Walid Phares, l’un des responsables de cette perception d’une Syrie coupable, via l’US Committee for a Free Lebanon, se projette pour sa part déjà dans l’avenir. Dans le Washington Times, il expose les intérêts qu’auraient les États-Unis à contrôler le Liban pour les opérations ultérieures de la « démocratisation ». Selon lui, le Liban, compte tenu de son rayonnement intellectuel et de sa place dans l’économie de la région, est l’endroit rêvé pour former les futurs dirigeants des pays « démocratisés ». Il est également la base idéale d’où partir pour étendre l’influence états-unienne.

Le sénateur du Kansas Sam Brownback et Richard E. Stearns, président du bureau états-unien de l’ONG World Vision, dénoncent l’Armée de résistance du Seigneur (LRA) dans le Washington Times. Cette organisation est un groupe de fanatiques d’inspiration chrétienne combattant le président Museveni dans le Nord de l’Ouganda et responsable de nombreuses atrocités.
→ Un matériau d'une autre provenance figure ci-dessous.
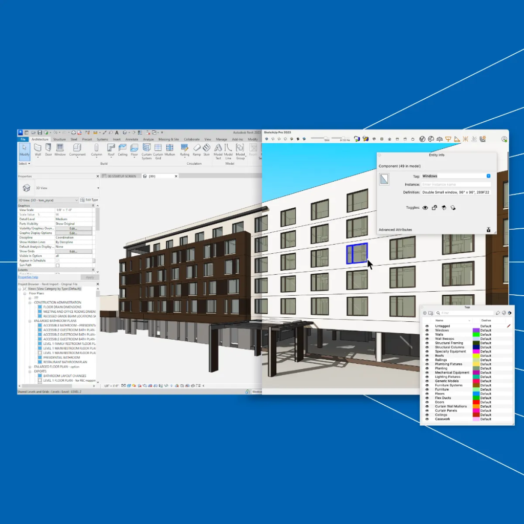 特にSketchUp StudioとSketchUp Pro Advanced Workflowsの2つのプランには、Revitファイル(.rvt)を直接インポートできる『Revit Importer』機能が付属します。これにより、変換プロセスを簡略化し、BIMデータと SketchUp モデルのハイブリッド運用をよりスムーズに進めることが可能です。

MM. Brownback et Streans condamnent, à juste titre, les enlèvements d’enfants dont cette secte se rend coupable et appellent à des sanctions contre elle. Toutefois, cette attaque soudaine contre ce groupe n’est sans doute pas dénuée d’arrière-pensées. En effet, la LRA serait soutenue par le Soudan en échange d’une aide contre la rébellion du Sud et M. Brownback est le sénateur ayant déposé au Congrès états-unien le texte de loi présentant les massacres au Darfour comme un génocide. Cette dénomination n’ayant pas suffit à faire attaquer le Soudan, on peut se demander si M. Brownbvack ne cherche pas un nouveau prétexte. Dans leur texte, les auteurs ne disent ainsi rien de l’action contre la LRA entreprise par la Cour criminelle internationale (CCI) à la demande du président Museveni. En outre cette affaire rappellent que, si Khartoum a pu s’associer avec la LRA, c’est que le facteur ethnico-religieux, mis en avant pour expliquer les crises au Soudan, ne permet pas réellement de les décrire. Le contrôle des ressources est une des raisons essentielles de ces conflits et également de l’opposition de Washington et Khartoum.
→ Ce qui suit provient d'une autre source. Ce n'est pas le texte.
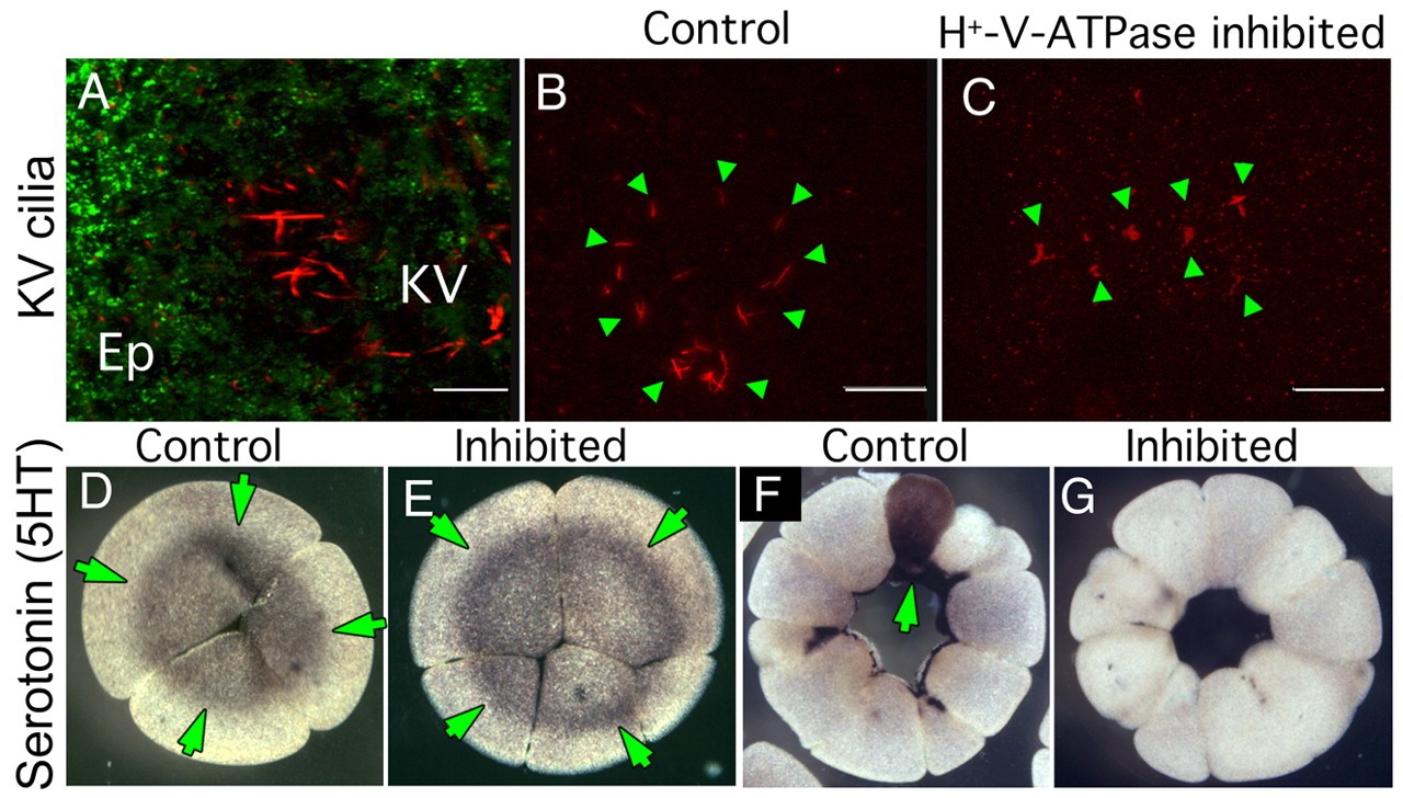 Fig. 8. Effect of early H+-V-ATPase inhibition on Kupffer's vesicle cilia and localization of serotonin. (A) Oblique confocal section through an 8-somite zebrafish larva doubly immunostained for H+-V-ATPase subunit A (green) and acetylated tubulin (red). Although subunit A is obvious in cells of the overlying epithelium (Ep), no H+-V-ATPase subunits are associated with KV cilia. (B,C) IHC for acetylated tubulin reveals the structure of KV cilia (green arrowheads) in five- to seven-somite stage zebrafish embryos. (B) Untreated embryo showing the characteristic circular field of long straight cilia, (C) KV cilia of five- to seven-somite embryos, soaked in H+-V-ATPase inhibitors from the one-cell to shield stage, are often reduced in number, altered in distribution or appear foreshortened relative to controls. (D,E) Immunohistochemistry for serotonin (5-HT, green arrows) in four-cell Xenopus embryos using an antibody previously shown to be specific for 5-HT (Levin, 2004); (D) untreated, (E) incubated in concanamycin from the one-cell stage. At this stage, there is no effect of H+-V-ATPase inhibition on 5HT localization (green arrows) or level. (F,G) Immunohistochemistry for 5HT in 32-cell Xenopus embryos; (F) normal pattern of 5HT staining in one cell in an untreated embryo (green arrows); (G) 5HT is absent from the H+-V-ATPase inhibited embryo. |

Enfin, le ministre rwandais des Affaires étrangères, Charles Murigande, dénonce l’action des milices rwandaises opérant contre les forces du gouvernement de Kigali depuis l’Est du Congo dans une interview à Die Tageszeitung. Selon lui, l’armée congolaise est au minimum complice compte tenu de sa passivité face à ces groupes. Il appelle la communauté internationale à intervenir ou menace implicitement de renvoyer des troupes rwandaises dans le territoire de son riche voisin. Depuis 1996, les conflits au Congo ont fait plus de trois millions de victimes.